KLMG
- Esparto, California; United States;
- Broadcast area: Sacramento, California
- Frequency: 97.9 MHz
- Branding: Latino 97.9

Programming
- Format: Spanish AC

Ownership
- Owner: Lazer Media; (Lazer Licenses, LLC);
- Sister stations: KGRB, KCCL

History
- First air date: 1996
- Former call signs: KZAC (1995–1998); KTTA (1998–2009);
- Call sign meaning: "Mega" (former branding)

Technical information
- Licensing authority: FCC
- Facility ID: 51221
- Class: A
- ERP: 6,000 watts
- HAAT: 100 meters (330 ft)
- Transmitter coordinates: 38°45′33″N 121°52′33″W﻿ / ﻿38.75917°N 121.87583°W

Links
- Public license information: Public file; LMS;
- Webcast: Listen live
- Website: latino979.com

= KLMG =

Radio station in Esparto, California

KLMG (97.9 FM, "La Mejor 97.9") is a radio station licensed to Esparto, California, United States. The station, which began broadcasting in 1996, was previously owned by Adelante Media Group and the broadcast license was formerly held by Bustos Media of California License, LLC. On October 21, 2014, Adelante announced that it was selling KLMG, its sister stations and its LPTV outlet in Sacramento to Lazer Broadcasting (now Lazer Media), pending FCC approval The transaction was consummated effective December 31, 2014, at a price of $2.9 million.

==Programming==
KLMG broadcasts a Spanish AC music format to the Sacramento metropolitan area. This format is designed for the 18- to 34-year-old advertising demo and features popular Hispanic recording artists, plus "reggaetón and bachata hits". Unlike "Mega"-themed Spanish Top 40 stations in Miami, Texas and Puerto Rico, KLMG refrains from airing many English-language crossover records and instead taps into the Mexican contemporary music charts. The station targets first-generation and second-generation Hispanic adults with an upbeat presentation, even with ballads and a balance in the on-air tempo of the station.

==History==
===The beginning===
This station received its original construction permit from the Federal Communications Commission on February 6, 1995. The new station was assigned the call sign KZAC by the FCC on March 17, 1995. KZAC received its license to cover from the FCC on April 23, 1996.

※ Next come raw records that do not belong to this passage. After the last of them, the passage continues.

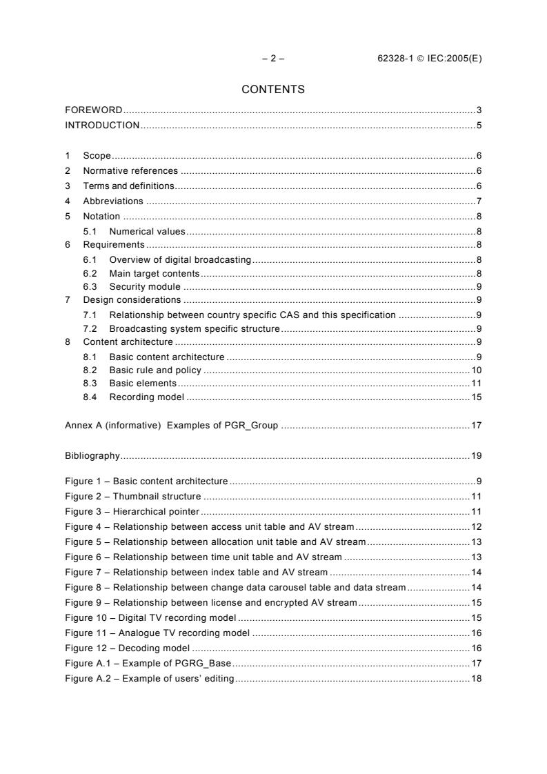 - Normative references & definitions: Establishes the mandatory referenced documents, terms (AV stream, programme, transport stream, partial TS), abbreviations and numerical notation used across the IEC 62328 series.
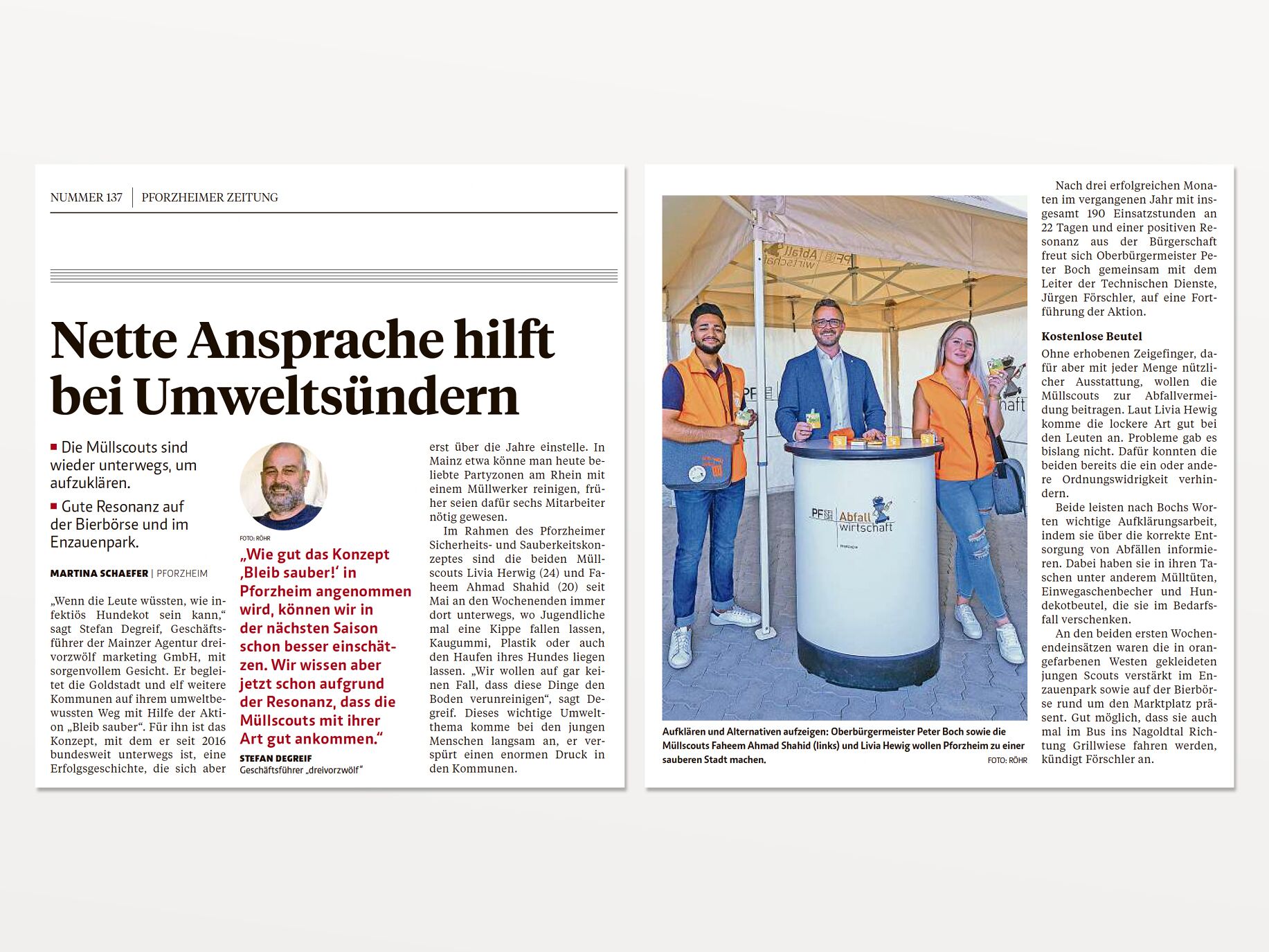 Mehr Achtsamkeit in der Müllprävention wünscht sich auch die Stadt Pforzheim und setzt seit Sommer 2021 unser Bleib sauber!©-Umweltscout-Konzept um. Unsere Pforzheimer Umweltscouts erreichen die Bürger persönlich und können aufmerksamkeitsstark motivieren und dazu bewegen, umweltbewusst und verantwortungsvoll mit dem eigenen Umfeld umzugehen.
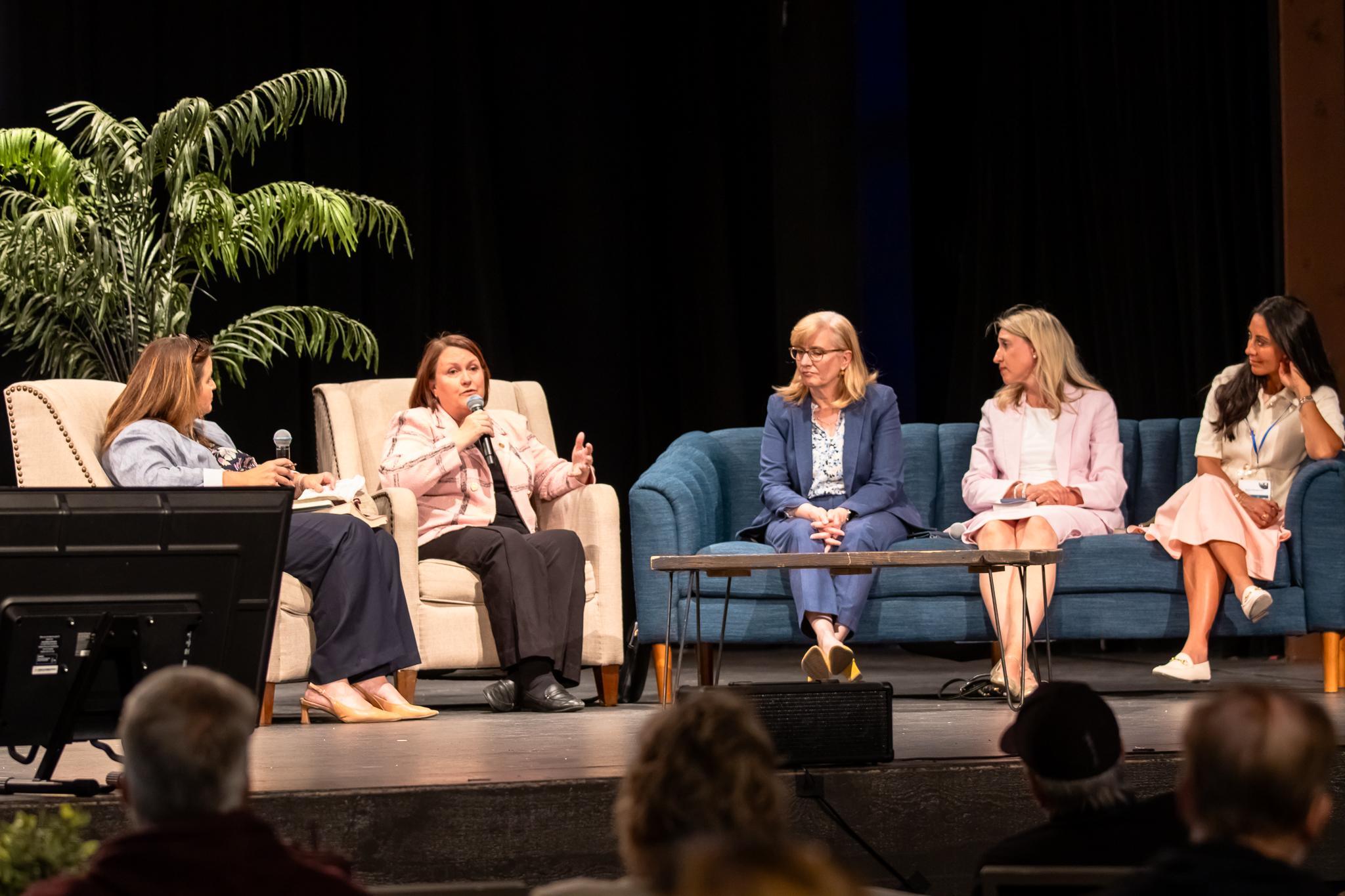 With all of this said, because we’re talking about experiences of Latter-day Saint women, I would like to invite a panel of four individuals to come and join me here on the couch. I’ve talked about women in the historical past, some in the more recent future, but I want you to see some of these incredible women who are alive and kicking today.
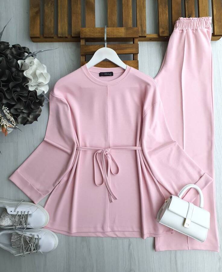 PİLGE KIVRIK KOL BELİ İPLİ SALAŞ TUNİK ÇİMALI BOL PANTOLON MUADİL TAKIM A6-5-1674-05-PUDRA
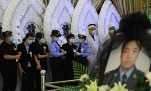 時值仲夏,通往陜西省興平市殯儀館道路兩旁站滿了戰(zhàn)友和群眾,送別民警陳勇。
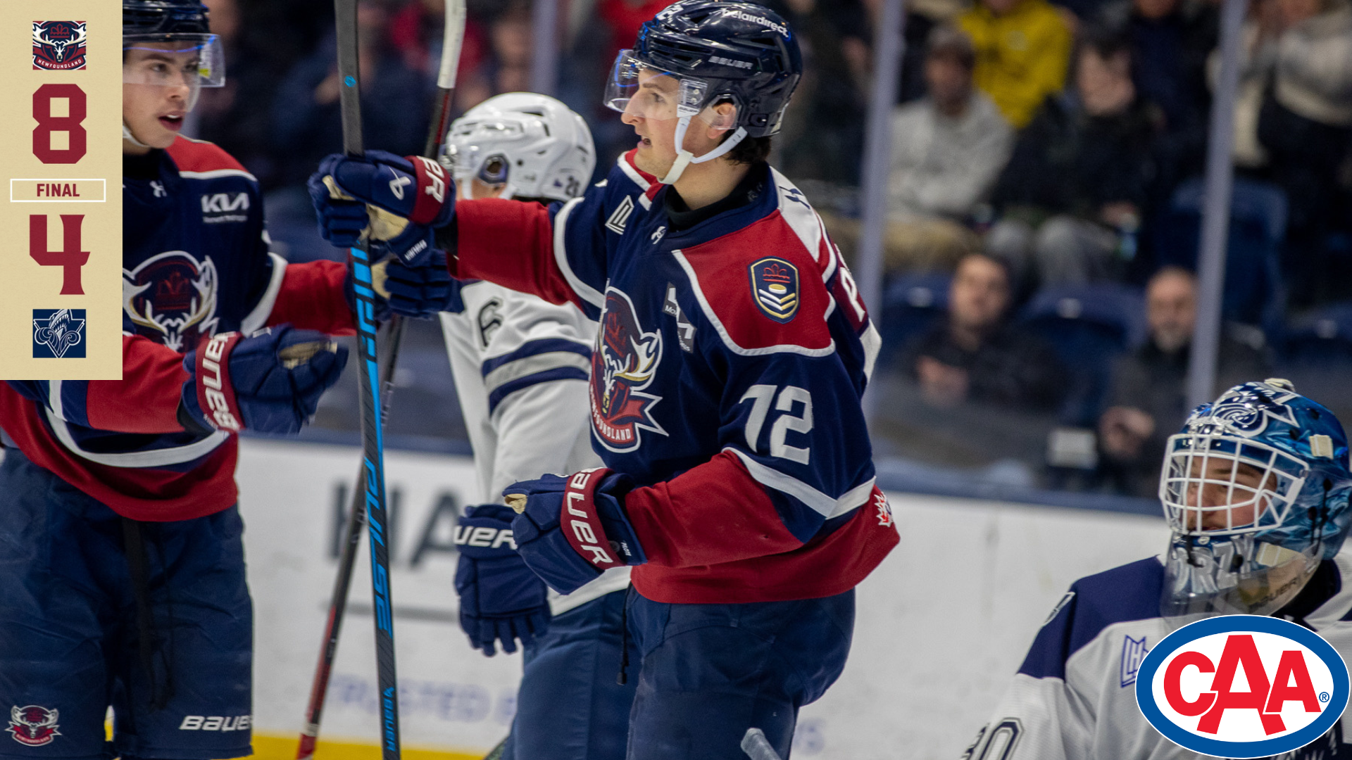 It was a defensive final period of play with both teams getting their chances but neither side was able to find the back of the net. That was until the final minute when Element hit the empty net to put a bow on the Titan’s first road victory over the season, 5-3 over the Drakkar. Element was named first star of the game while another former Drakkar Yan Aucoin picked up 3rd star honours.
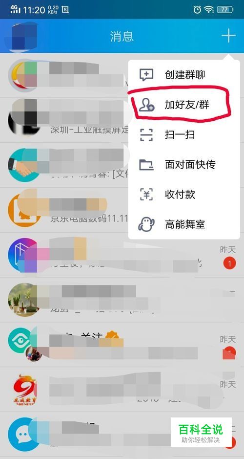 点击加号图标后,我们会看到下拉菜单,点击菜单上的“加好友/群”选项,如下图所示。
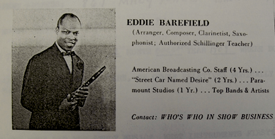 At the time of this recording (and tour), Eddie Barefield is also a studio musician, especially for NBC-TV; he runs a Broadway pit orchestra (for A Streetcar named Desire); he also gives saxophone lessons.
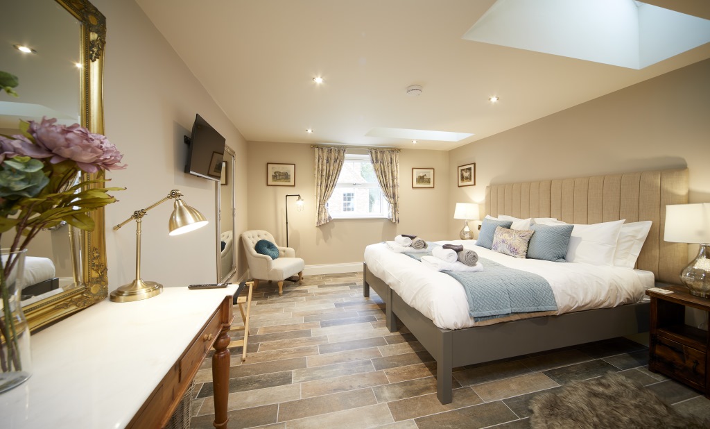 Two bedrooms are available. A ground bedroom comes with a super king and features a freestanding bath in the spacious en suite as well as a separate shower. The second ground-floor bedroom has a super king that can be turned into a twin and features an en suite shower.
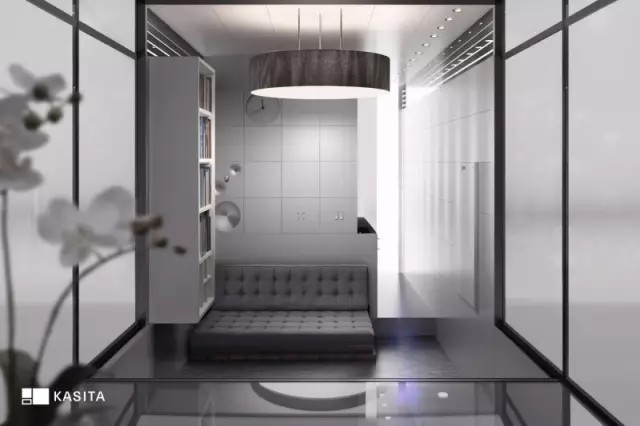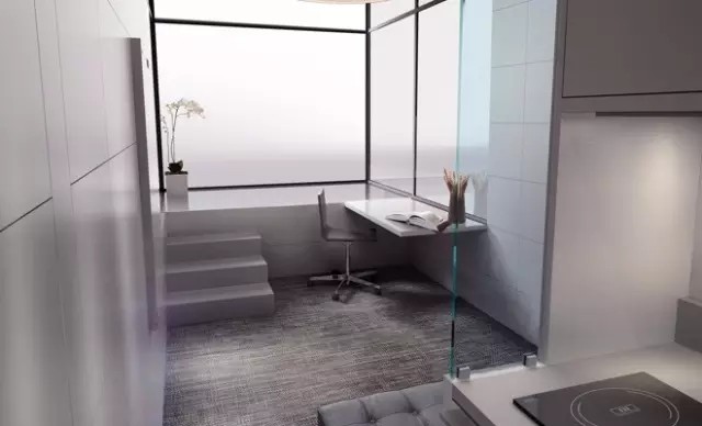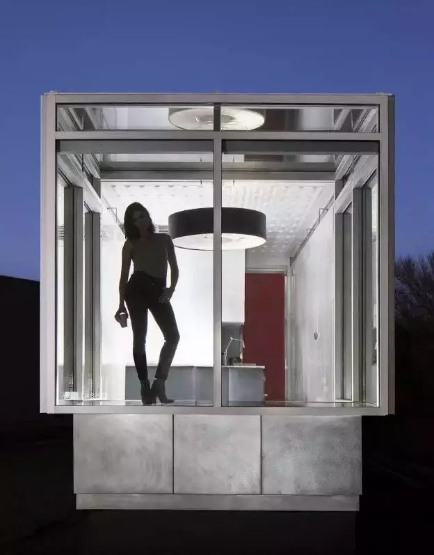 樣板房看上去還是垃圾箱的形狀,格調(diào)卻要高很多。用特殊玻璃SageGlass制成的落地窗,不僅看起來高端大氣上檔次,還能根據(jù)室外陽光強(qiáng)度自動遮光。
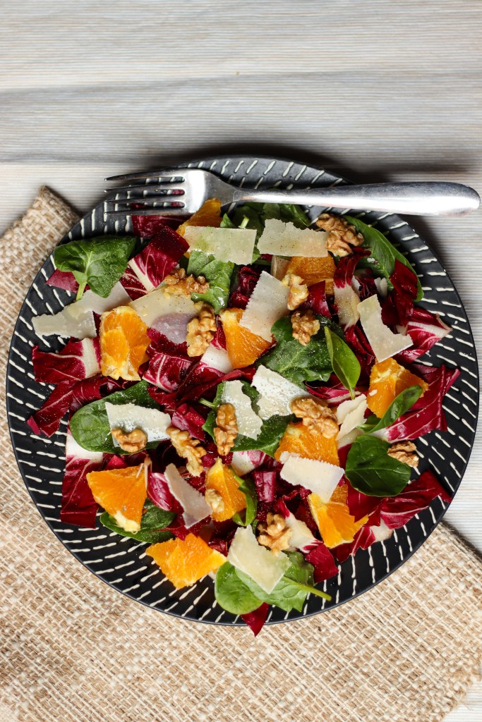 Con questa insalata facciamo il pieno di ferro vegetale e calcio. L’arancia infatti, fornendo vitamina C, cambia lo stato ossidativo del ferro veg contenuto soprattutto negli spinaci, rendendolo maggiormente assimilabile a livello intestinale.

The station's original studios were located in the Old Sacramento State Historic Park even though its broadcast tower was located in Esparto, California, its legal city of license. When it signed on, KZAC became the fifth Spanish-language radio station to serve the greater Sacramento area.

By April 1998, the station was branded as "Radio Fiesta" and broadcast a Spanish-language adult contemporary music format aimed at the 25- to 54-year-old advertising demographic. The station's owners applied to the FCC for new call letters and received the KTTA call sign on July 6, 1998.

===Ownership changes===
In December 2002, original owner Pacific Spanish Network, Inc., reached an agreement to sell KTTA to Aztec Media, Inc., for a reported $7 million. KTTA had been operated by Aztec Media since July 1999 under a local marketing agreement. The deal was approved by the FCC on January 21, 2003, and the transaction was consummated on April 1, 2003.

In October 2004, Aztec Media, Inc., announced an agreement to sell this station to Bustos Media through their Bustos Media of California, LLC, subsidiary, for $15 million as part of a two-station deal valued at $21.7 million. The deal was approved by the FCC on December 15, 2004, and the transaction was consummated on January 21, 2005. Just one week later, as part of an internal corporate reorganization, Bustos Media applied to the FCC to transfer the broadcast license from Bustos Media of California, LLC, to Bustos Media of California License, LLC. The transfer was approved by the FCC on January 28, 2005, and the transaction was consummated on February 10, 2005. Founded in 2004, Bustos Media was one of the largest Spanish-language broadcasting corporations in the United States.

===97.9 today===
The station's former longtime Regional Mexican music format, "La Ke Buena" branding, and KTTA calls moved to 94.3 FM in February 2009; the station is now the flagship of Adelante Media Group's "La Gran D" regional Mexican network. This station, which flipped to a Spanish-language CHR format branded as "Mega 97.9", was assigned the KLMG call sign by the FCC on February 24, 2009. In 2010, the branding shifted to "Latino 97.9" and continues today under new owner Adelante Media Group.